Always a free thinker and way ahead of his time, he had his own view of the world. In his own words:

I was a science fiction kid from an early stage. I was into comics, revolutionary politics, sexual and societal revolutionary theory and worldscaping from the age of four on... I have always had an intense interest in history and spirituality. Until I read Drexler and Tipler I was searching for an underlying connective explanation for our current phenomenological/ontological reality. As a teenager my friends and I speculated about cosmic engineering. We read the standards like Sagan and Dyson.

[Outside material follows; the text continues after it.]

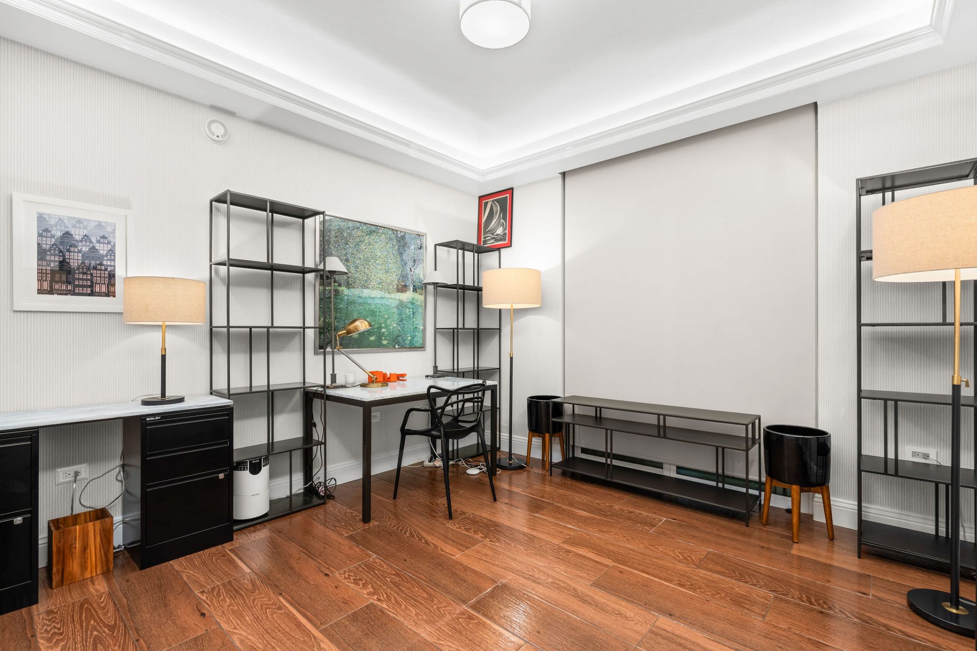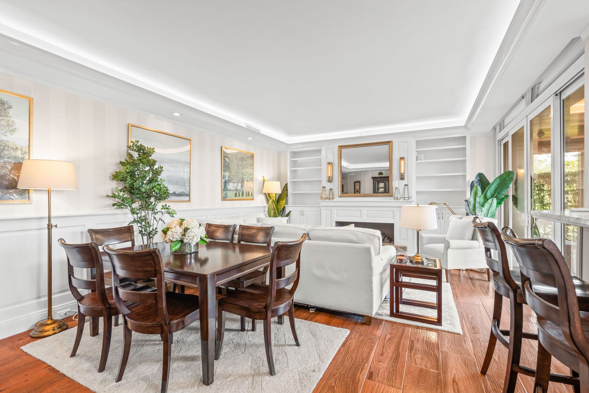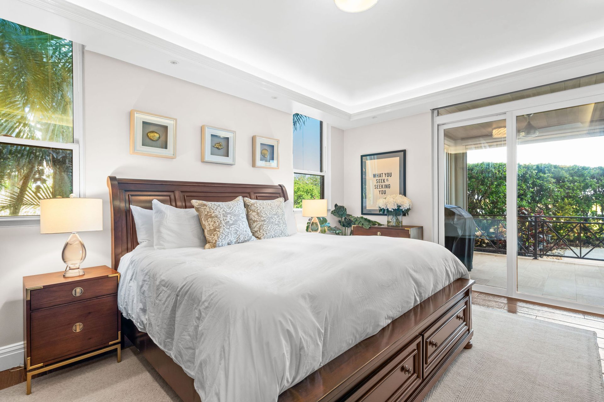 The residence showcases the highest level of craftsmanship throughout: Belgian hurricane-rated double-pane glass with Argon gas, electric storm shutters, custom cedar wainscoting, millwork, built-ins, and trim, Farrow & Ball wallpaper accents, and ceilings ranging from 9–10′ with Level 4 and 5 finishes.

I believed in extropian-allied notions of understanding the universal laws around us as systems operation mechanisms of one universe within a multiverse from around the age of six. At about the age of four I remember having an intense yearning to get the hypothetical fusion reactors described in Look and Learn books moving!

I’ve also written a few articles on the Singularity and related issues, spoken on the radio a few times about it and put out several thousand posters (mostly related to timeframes for youth-treatments and self-replicating nanotech assemblers). Things became a lot easier after Damien Broderick published The Spike. I even had a demonstration in favor of making telomere therapies or other treatments towards immortality freely available to all who requested such...

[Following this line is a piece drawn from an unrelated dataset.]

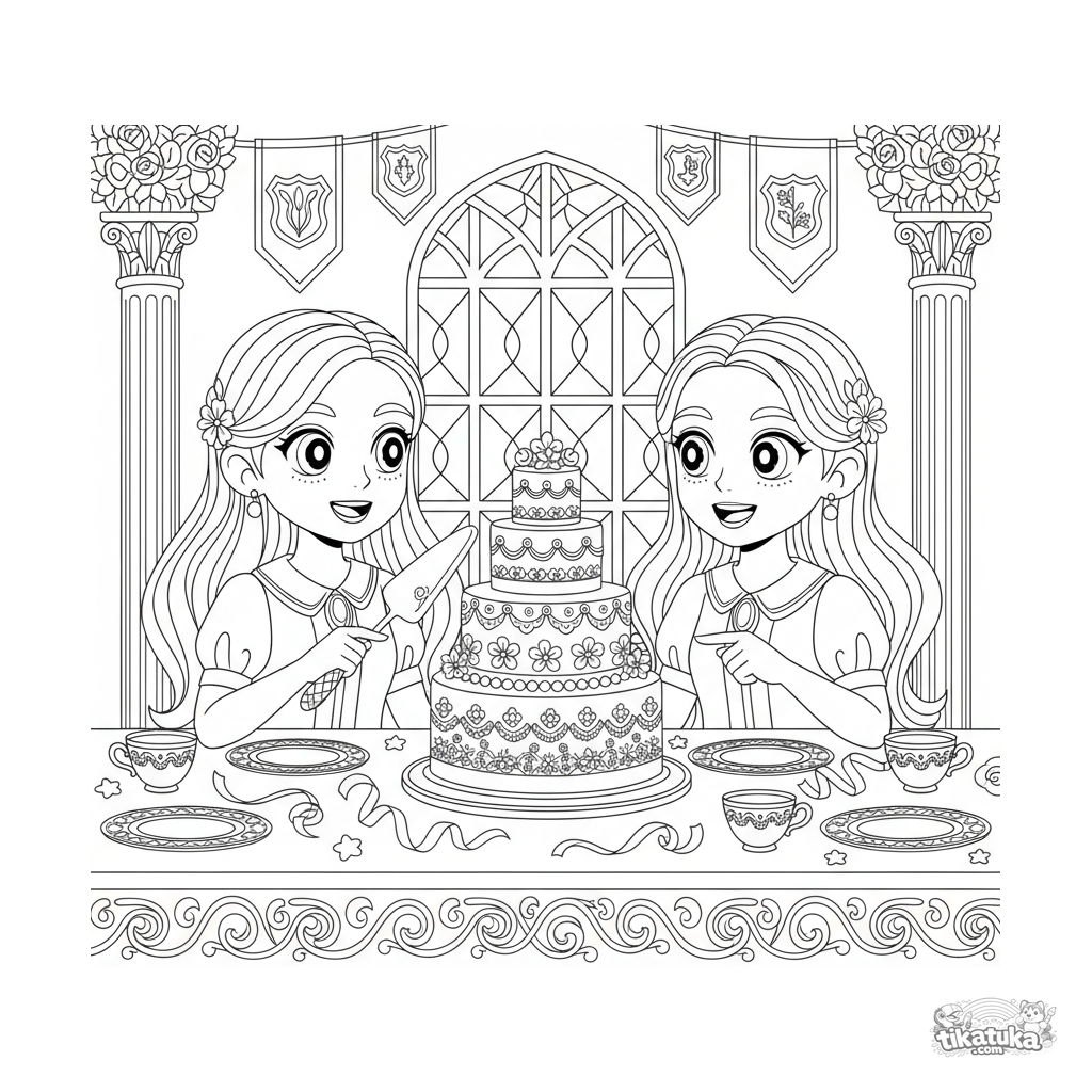 Detailliertes Ausmalbild für ältere Kinder 10-12: Zwei Freundinnen teilen einen festlichen Kuchen an einem Tisch in einer dekorierten Halle. Freundschaftsszene.

Avatar Polymorph (Star A Star) ceased transmission in this particular plane of the multiverse in September 2015. He died quietly at home from natural causes. His memorial service was attended by many members of Fitzroyalty, poets, artists, writers, family and friends.

Black Pepper Eulogy for Avatar Polymorph
Shrine of Remembrance Melbourne
8th October, 2015.

Spoken by Kevin Pearson.

Many of you are aware of Avatar Polymorph’s  intimate association with Black Pepper Publishing. Under his earlier name Nicolas Playford, he was the first author Black Pepper published. His short story collection The Prisoner Gains a Blurred Skin was well received. He later went on to work for us as an assistant. It was his skills which executed the cover designs of Hannah that appear on most of our books. He was also the originator of our website and until recent times maintained it. He set up the PayPal account that allows our online sales. He was central to our creative endeavour. More than that he was a close friend, conversationalist and advocate for the rights of authors and of small presses. Our long conversations were often of ancient history, the origins and migrations of humankind, political philosophy and economics. In recent years he was increasingly enraged about the increasing disparity between the mega-rich and the poor. He was honest as the day is long. Those who speak about him today will salute his high intelligence. It had, however, a gaping hole. No matter how hard he tried, he could not understand Australian Rules Football. Even the scoring system was beyond him. He could applaud a great play but then would need it explained. (He could play a mean hand of snooker though.)

In 2006, Avatar gave me an idea for a poem (At The Seance) and for my book The Apparition at Large where it appears dedicated to him. I have extended it to include this last stanza.

Although no letters on the ouija board,
however forces move the alphabet,
can spell out the person we have heard
in words like his, or how his lips had moved,
in saying things we instantly believed
now we are gathered here, a little crowd,
we say to each other, we will not forget.

In the June (2017) issue of Trouble Mag an article called  THE END OF DIVERSITY? by Avatar, was published posthumously.